Мы вернулись в детдом, провели «уставные» беседы с учителями, воспитателями и учениками, каждому классу преподнесли подарки. Потом начались танцы. Мичман хотел, чтобы музыка была наша, но тогда почти все мы были бы заняты в оркестре и лишены возможности танцевать, и мичман успокоился, согласился, чтобы играла радиола.

Я стоял у стены, мне казалось, что присутствующие знают обо мне и Айме, осуждают нас. Айме, как  в первый раз, смело подошла, исполнила экстравагантный книксен,  вывела на середину зала, положила мои руки на свою талию, своими обняла за плечи, и мы запрыгали в каком-то неизвестном мне весёлом танце. Два шага влево, два шага вправо, два оборота, затем, по чьей-то команде, что-то, вроде «обага», партнёры бросают партнёрш, ловят в объятия других. К концу танца, перетанцевав со всеми девочками, оказался в одном углу зала, Айме - в противоположном. Она устала, раскраснелась, тяжело дышала, от этого была ещё прелестнее. Сидела на стуле, одна нога впереди, колени сжаты, руки на коленях, одна на другой, голова склонена набок, груди поднимаются и опускаются от прерывистого дыхания, томный взгляд направлен в мою сторону. Святая Мадонна, ни меньше, ни больше.

Зазвучала музыка вальса. Боясь, что меня могут опередить, чётким шагом направился через зал: наутюженные флотские брюки клеш, новенькая суконка, темно-синий, с белыми полосками, гюйс, бескозырка, с ленточками до пояса, оповещающая о том, что мы - посланники Краснознамённого Балтийского Флота. Подошёл, стал по стойке «смирно», слегка поклонился. Мысленно взглянув на себя со стороны, убедился, что Краснознамённому Балтфлоту есть, чем гордиться!

- У рыыцаря пляяха насиистена до блееска, в неё моосно смотрееться, как в сеееркало, - нараспев сказала Айме, вставая, и кладя руку мне на плечо.

Мы плыли по залу, не слыша музыки, не следя за временем, никого не замечая. Держа в руках тонкое, хрупкое тело маленькой женщины, я был самым счастливым человеком на планете Земля! Музыка смолкла, все уже давно разошлись по углам, а мы продолжали кружиться в полной тишине, пока нас не вывели из забытья громкие, дружные аплодисменты.

Потом знакомились с классами, с комнатами воспитанников детского дома, вспомогательными службами. Айме завела меня в четырёхместную келью, нежно обняла, прильнула к губам долгим-долгим, недетским поцелуем, который сразил, и я, как подстреленный, упал с нею на кровать. 

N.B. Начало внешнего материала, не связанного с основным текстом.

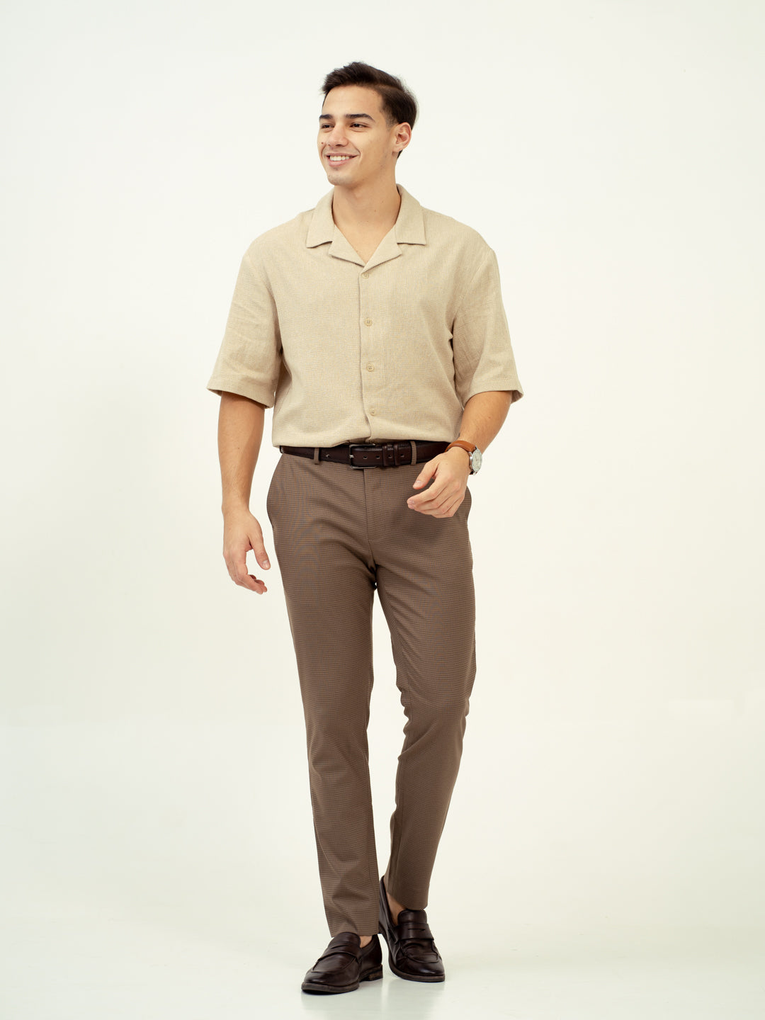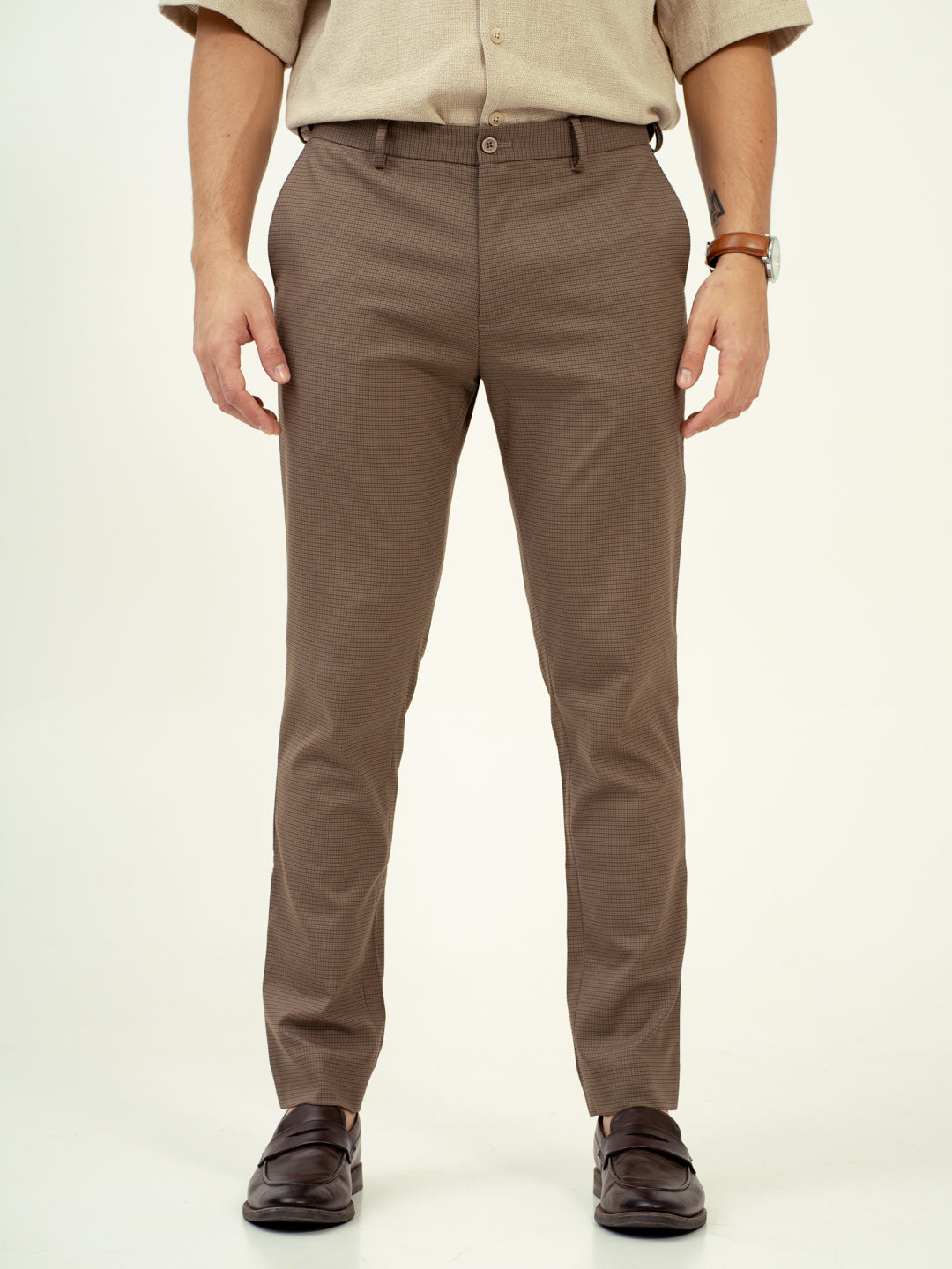 The Umber Brown Micro Checks Stretch Formal Pants offer a distinctive style for those who prefer subtle patterns with a touch of warmth. These Umber Brown Micro Checks Formal Trousers are designed with stretchable fabric for ease of movement and comfort, making them perfect for long days at the office or evening events. The rich brown tones and micro-check design make them a versatile addition to your wardrobe. For those looking for brown stretchable formal trousers with a unique look, these pants are ideal for any occasion.

Уходя, испросил разрешение взять стоявшую на тумбочке фотографию, размером девять на двенадцать. На ней Айме сидела в той самой вышколенной позе, что в танцевальном зале. Взяла фотографию, поверх слов «Аусти. Мне 15 лет», написала: «Виталию от Хенвере Айме».
- Я не снааю свою настоящую фамиилию, - сказала она. - Хенвере Айме - это наса исвестная палериина, меня насваали в её чеесть.
 
Попросила оставить что-нибудь на память о нашей встрече. Матросу запрещено носить в карманах неуставные вещи, да и карманов во флотской одежде нет, а носовой платок, к моему стыду, был сработан  из куска старой, хотя и прочной, но грубой, серой простыни. Я подарил начищенную асидолом до блеска бляху от флотского ремня с изображением  якоря, за что, по прибытии на корабль, получил от мичмана два наряда вне очереди.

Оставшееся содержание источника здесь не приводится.